She has also been a volunteer Ashburton Hospital visitor to patients, most of them from out of town, and has just celebrated 50 years with Mid Canterbury's Lowcliffe Women's Institute (WI), which she joined in her mid-30s.
Although the early days were spent with her young children Susan and Alastair, she worked her way through the organisation.
She was president at the time of the Lowcliffe WI jubilee.
''I was as nervous as hell. I'm one for being down the back.''
Her daughter Susan also joined the Lowcliffe WI then.
Olive has made good friends through the WI, meeting people from around the district.
Although Lowcliffe WI has fewer members, possibly due to more transient farm workers in the district, its members still meet regularly.
It is not the only Mid Canterbury WI branch to lose members. The WI strength in Mid Canterbury historically sat at 22 but had dwindled to eight, she said.
She likes the organisation's international reach, with a ''sister relationship or component worldwide'', travelling extensively when she was younger.
It was the late 1950s when Olive and a couple of friends boarded a ship headed to the United Kingdom.
She got work at Selfridges; it was a great job to have as an income source and meant she could still travel.
She and three friends travelled often, at times sleeping in tents as they visited places like Sweden, Norway, Berlin and other parts of Germany.
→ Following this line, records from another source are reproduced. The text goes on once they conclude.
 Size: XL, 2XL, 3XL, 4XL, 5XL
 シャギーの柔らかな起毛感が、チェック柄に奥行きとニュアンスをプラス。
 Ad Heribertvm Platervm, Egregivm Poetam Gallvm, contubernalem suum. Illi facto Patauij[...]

It was a long way from where Olive spent her youth - Clandeboye, South Canterbury.
Her parents, Tom and Lucetta, ran a mixed farm property on leased land.
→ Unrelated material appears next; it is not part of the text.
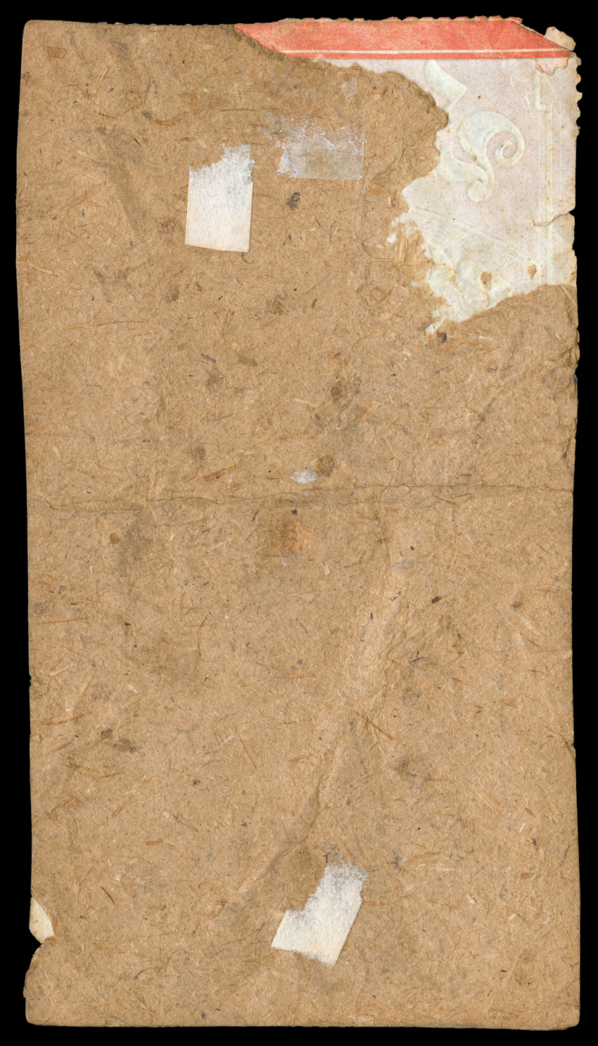 this is the only way to obtain on on piece example of the Twent#PR3, 25c Orange red, bold blue brush stroke "P" cancel, still attached to the original kraft newspaper wrapper, various faults including trimmed perforations, fine appearance; this is the only way to obtain on "on piece" example of the Twenty Five Cent value, in fact some students consider this to be an "on cover" example; this and the previously offered Five Cent value (lot 284) are the only two First Issue newspaper stamps still affixed the original piece; 2004 PF certificate; ex-Kotanchick. (imagea) (Image) $2,400.00

They had emigrated from Ireland to the district, where Tom had two sisters, one in Temuka, the other at Orari.
The middle child of three - younger brother, George, lives at Rakaia - Olive was schooled at Clandeboye Primary before heading to the former Temuka High School, now called Opihi College.
In the early days, Olive biked to school before a bus route was established; it was 8.8km one way.
Her work career was varied; she was employed at the Clandeboye store, helped out at the dairy factory and drove the school bus when needed.
But then when her parents bought a sheep and crop farm at Winchmore (nearer to Lyndhurst), Olive moved with them and got involved with bible studies and youth work.
The unexpected death of her father brought a move to town.
By the early 1950s, Olive was working at the Tekau factory, in Ashburton.
She also worked at the Somerset Hotel, run by the late Dorothy and Len Brown. Mrs Brown later remarried and became Dorothy Moon.
Her mother was one of 10 siblings (most were still in Ireland) and her father had the two sisters now in New Zealand.
''The eldest of every family left home, 'cause there was no work for them.''
Olive was the first generation from New Zealand to travel and meet family in Ireland and jokes ''it was like I was the Queen''.
She was warmly welcomed, even by extended family - the aunties and uncles of her parents.
She still keeps in contact with some of the people she met while travelling, who were ''great friends''.
Others have since died, such as the American couple she met while based in the UK and visited in America on her way home.
While overseas, Olive bought a car, which eventually made the trip back to New Zealand.
She flew home via America and travelled Australia with a friend in a van.
She met her future husband, the late Doug Philpott, back in New Zealand when he was best man at the wedding of one of her travelling companions, the late Evelyn Banks, to Gilbert Donaldson.
Doug, who died in 2014, was a sheep and crop farmer at Lowcliffe.
Olive and Doug married in 1964 and, the rest, as they say is history.